● **Work required**
Within the lines below, the span from the line with "Aankomst van de" to the line with "1、測量原理:讀取熒光定量檢", both ends included, is to be reproduced exactly, with pictures omitted.

● **Provided information**
╭──

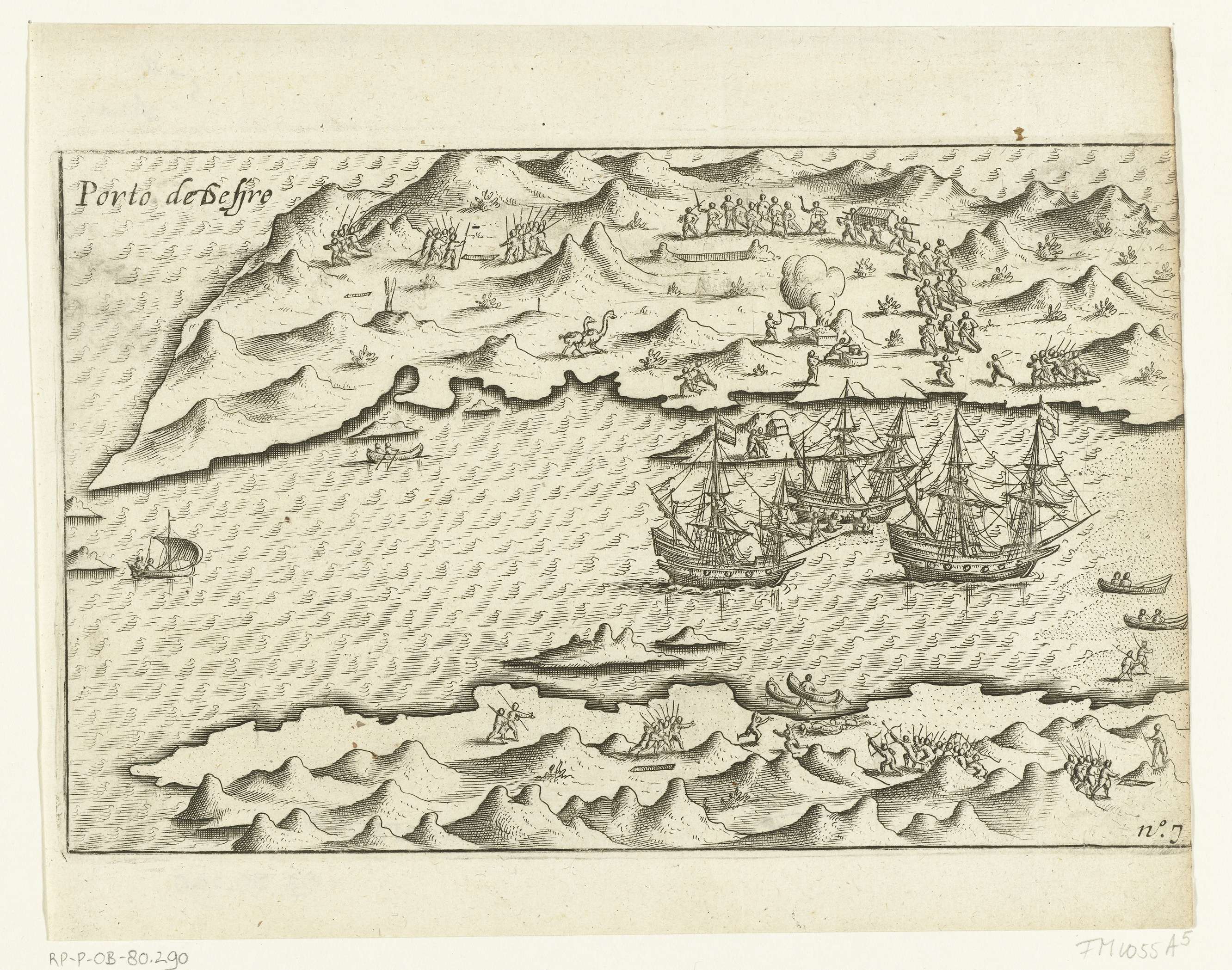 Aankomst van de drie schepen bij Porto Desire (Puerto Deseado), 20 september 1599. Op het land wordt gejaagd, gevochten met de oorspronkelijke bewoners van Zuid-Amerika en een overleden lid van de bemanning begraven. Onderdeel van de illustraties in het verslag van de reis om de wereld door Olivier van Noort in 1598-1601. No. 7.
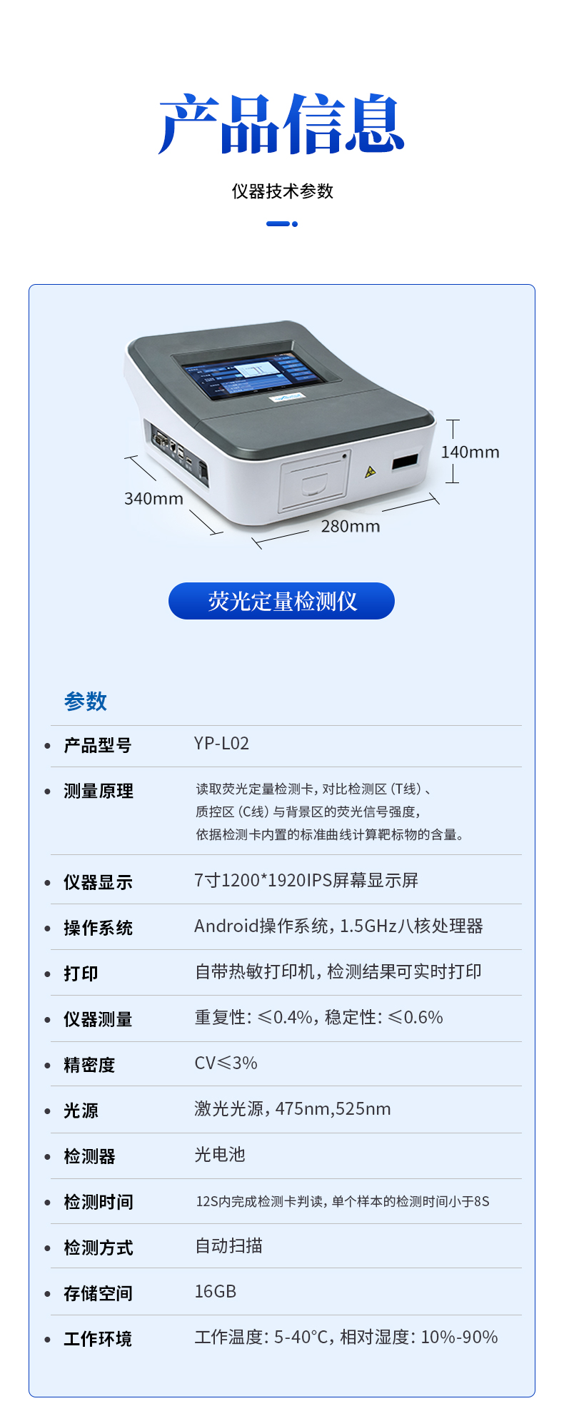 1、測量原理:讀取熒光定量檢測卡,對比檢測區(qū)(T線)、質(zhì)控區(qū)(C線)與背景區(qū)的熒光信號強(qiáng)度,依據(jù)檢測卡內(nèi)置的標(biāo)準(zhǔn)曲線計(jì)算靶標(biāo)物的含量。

╰──
╭──

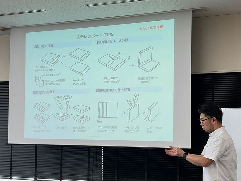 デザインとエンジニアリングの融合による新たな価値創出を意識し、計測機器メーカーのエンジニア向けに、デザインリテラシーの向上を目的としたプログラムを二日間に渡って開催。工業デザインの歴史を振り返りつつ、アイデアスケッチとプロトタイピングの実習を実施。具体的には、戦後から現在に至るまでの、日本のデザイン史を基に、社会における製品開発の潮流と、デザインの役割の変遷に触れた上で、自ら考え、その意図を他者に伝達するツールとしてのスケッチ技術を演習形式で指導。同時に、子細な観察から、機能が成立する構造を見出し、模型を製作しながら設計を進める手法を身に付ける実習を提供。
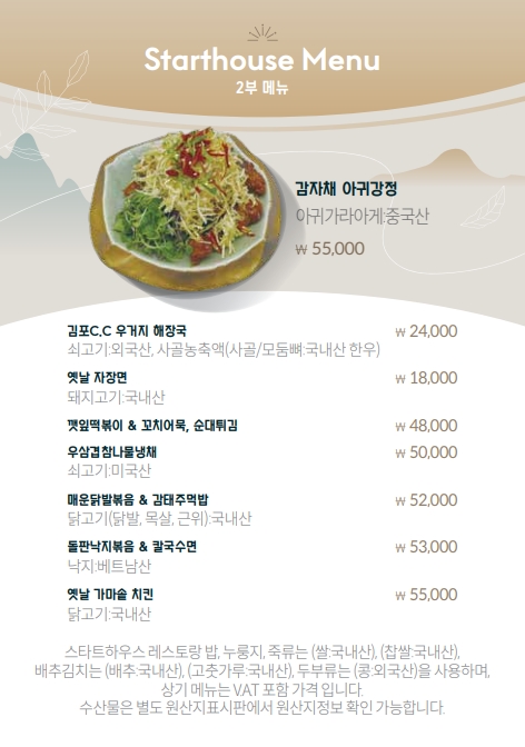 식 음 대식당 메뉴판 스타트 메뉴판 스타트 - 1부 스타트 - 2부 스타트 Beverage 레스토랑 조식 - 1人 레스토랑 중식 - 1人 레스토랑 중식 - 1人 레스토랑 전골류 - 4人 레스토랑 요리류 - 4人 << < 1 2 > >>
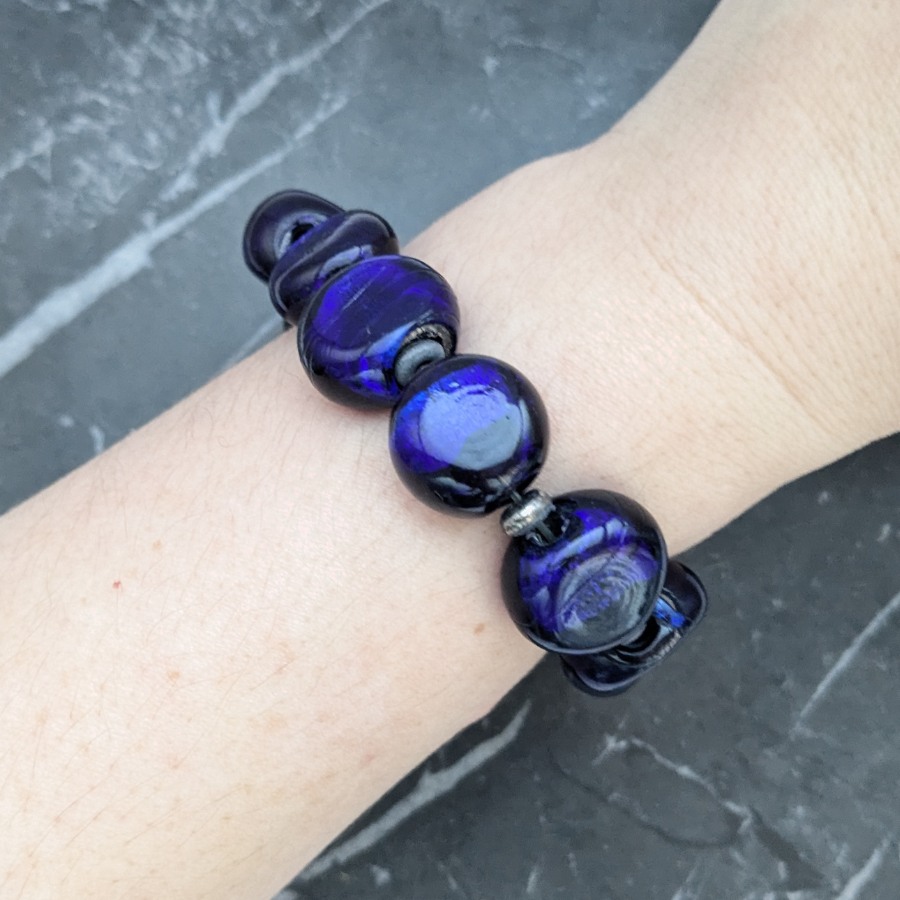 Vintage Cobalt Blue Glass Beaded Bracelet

╰──
╭──

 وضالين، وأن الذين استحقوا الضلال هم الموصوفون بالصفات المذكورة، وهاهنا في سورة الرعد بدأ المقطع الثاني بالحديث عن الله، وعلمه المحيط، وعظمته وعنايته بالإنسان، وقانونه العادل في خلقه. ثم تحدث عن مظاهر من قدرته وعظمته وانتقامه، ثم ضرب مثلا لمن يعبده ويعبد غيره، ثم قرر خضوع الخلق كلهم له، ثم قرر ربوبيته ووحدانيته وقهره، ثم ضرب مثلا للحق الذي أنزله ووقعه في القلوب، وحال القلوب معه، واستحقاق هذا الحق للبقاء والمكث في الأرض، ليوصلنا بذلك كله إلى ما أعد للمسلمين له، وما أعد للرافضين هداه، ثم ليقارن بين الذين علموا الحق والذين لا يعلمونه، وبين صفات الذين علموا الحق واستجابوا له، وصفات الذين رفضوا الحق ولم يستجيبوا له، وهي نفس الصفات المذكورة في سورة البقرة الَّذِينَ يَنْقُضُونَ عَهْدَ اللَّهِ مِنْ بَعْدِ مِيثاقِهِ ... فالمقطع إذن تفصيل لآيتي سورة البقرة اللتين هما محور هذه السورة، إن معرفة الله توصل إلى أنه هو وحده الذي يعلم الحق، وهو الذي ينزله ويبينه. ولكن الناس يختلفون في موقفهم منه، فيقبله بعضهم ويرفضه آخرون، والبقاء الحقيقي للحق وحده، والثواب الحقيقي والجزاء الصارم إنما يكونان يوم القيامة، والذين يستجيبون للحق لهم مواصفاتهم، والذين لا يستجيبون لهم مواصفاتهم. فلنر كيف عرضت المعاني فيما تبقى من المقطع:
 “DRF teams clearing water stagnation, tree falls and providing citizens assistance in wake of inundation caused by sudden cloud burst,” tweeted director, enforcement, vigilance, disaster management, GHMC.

╰──

● **Response to the exercise**
 Aankomst van de drie schepen bij Porto Desire (Puerto Deseado), 20 september 1599. Op het land wordt gejaagd, gevochten met de oorspronkelijke bewoners van Zuid-Amerika en een overleden lid van de bemanning begraven. Onderdeel van de illustraties in het verslag van de reis om de wereld door Olivier van Noort in 1598-1601. No. 7.
 1、測量原理:讀取熒光定量檢測卡,對比檢測區(qū)(T線)、質(zhì)控區(qū)(C線)與背景區(qū)的熒光信號強(qiáng)度,依據(jù)檢測卡內(nèi)置的標(biāo)準(zhǔn)曲線計(jì)算靶標(biāo)物的含量。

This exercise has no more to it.